The Court cannot develop petitioner’s arguments for him.
Further,
with respect to petitioner’s contention that evidence demonstrating that his
conviction was reduced to a misdemeanor was not available for the
administrative hearing, “[t]he general rule is that a hearing on a writ of
administrative mandamus is conducted solely on the record of the proceeding
before the administrative agency.” (Toyota of Visalia, Inc. v. New Motor
Vehicle Bd. (1987) 188 Cal.App.3d 872, 881.) Petitioner has not moved to
augment the administrative record under CCP § 1094.5(e). “Augmentation of the administrative record is
permitted only within the strict limits set forth in section 1094.5,
subdivision (e)….” (Pomona Valley Hospital Medical Center v.
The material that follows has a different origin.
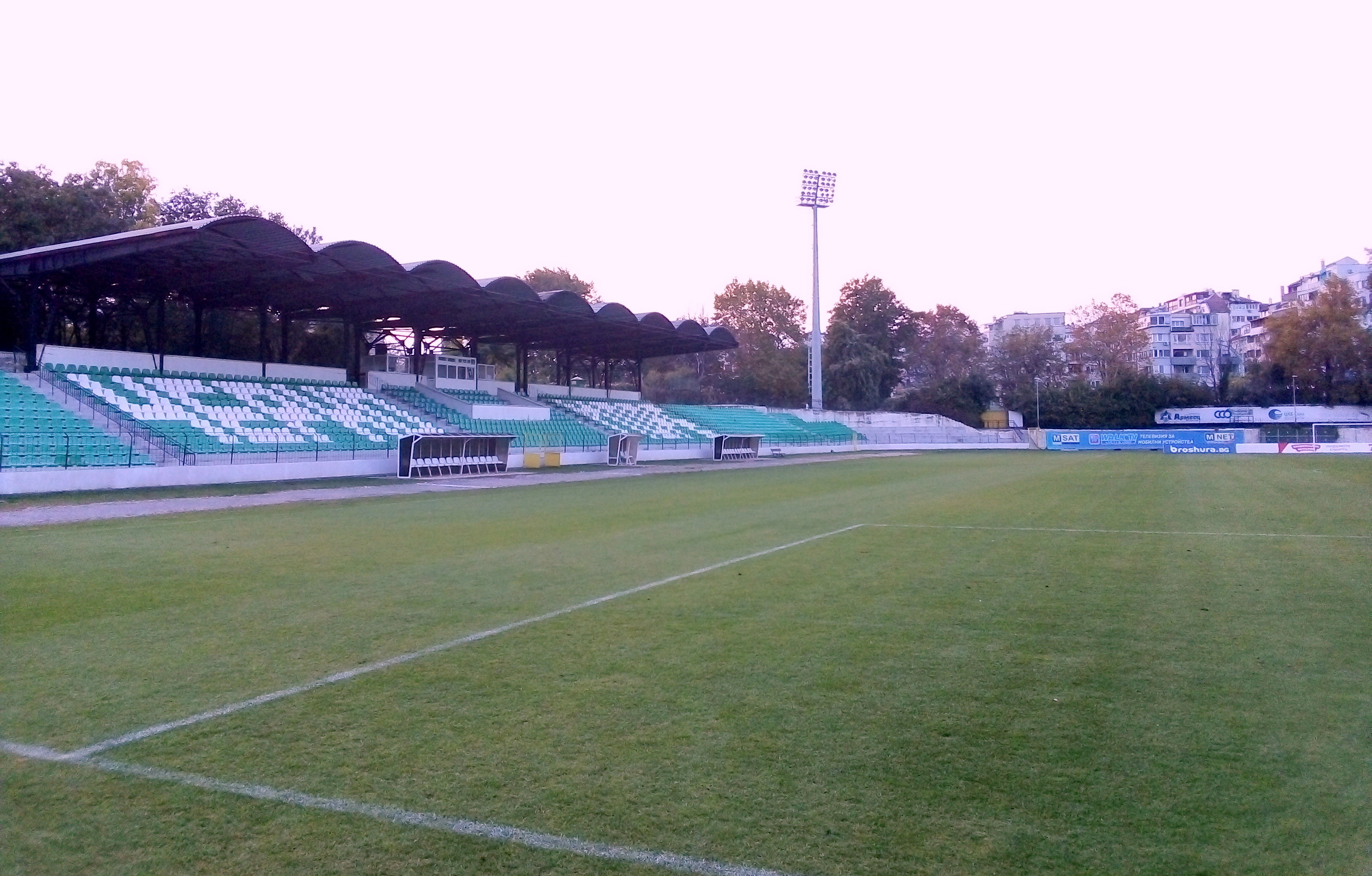 Ticha Stadium, Varna, Bulgaria
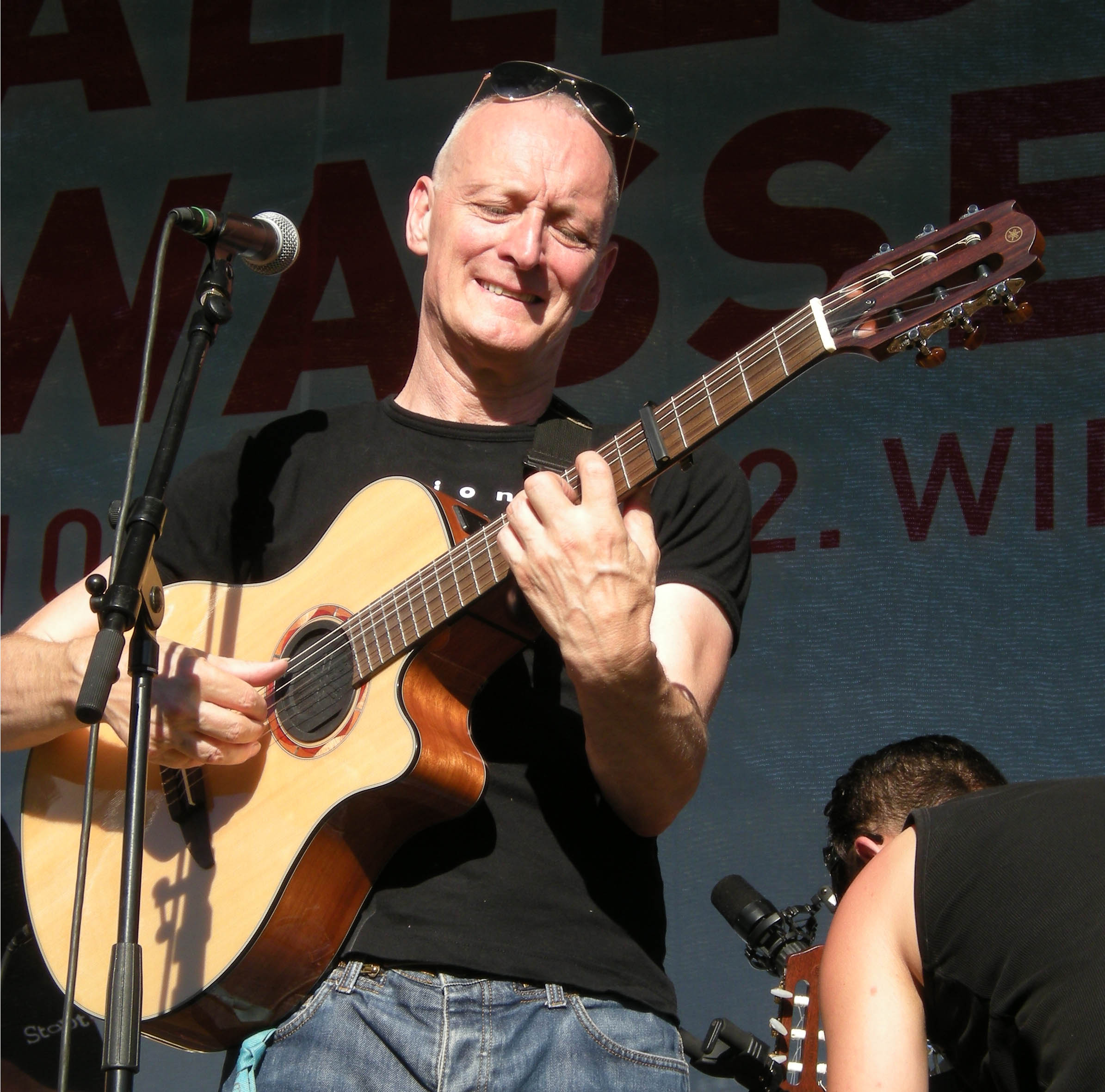 see file name, and

Superior Court
(1997) 55 Cal.App.4th 93, 101.) “In the absence of a proper preliminary
foundation showing that one of the exceptions noted in section 1094.5,
subdivision (e) applies, it is error for the court to permit the record to be
augmented.” (Ibid.) Insofar as petitioner’s conviction was reduced from
a felony to a misdemeanor, because petitioner failed to demonstrate in any
motion why the administrative record should be augmented, the Court cannot
consider evidence to this effect.
For
the foregoing reasons, petitioner has not met his burden of proof under CCP §
1094.5 to show a prejudicial abuse of discretion or a denial of a fair trial,
or that respondent proceeded without or in excess of jurisdiction.
IV. Conclusion
The
petition is DENIED. Pursuant to Local Rule 3.231(n), respondent Director, Department of Motor
Vehicles shall prepare, serve, and ultimately file a proposed judgment.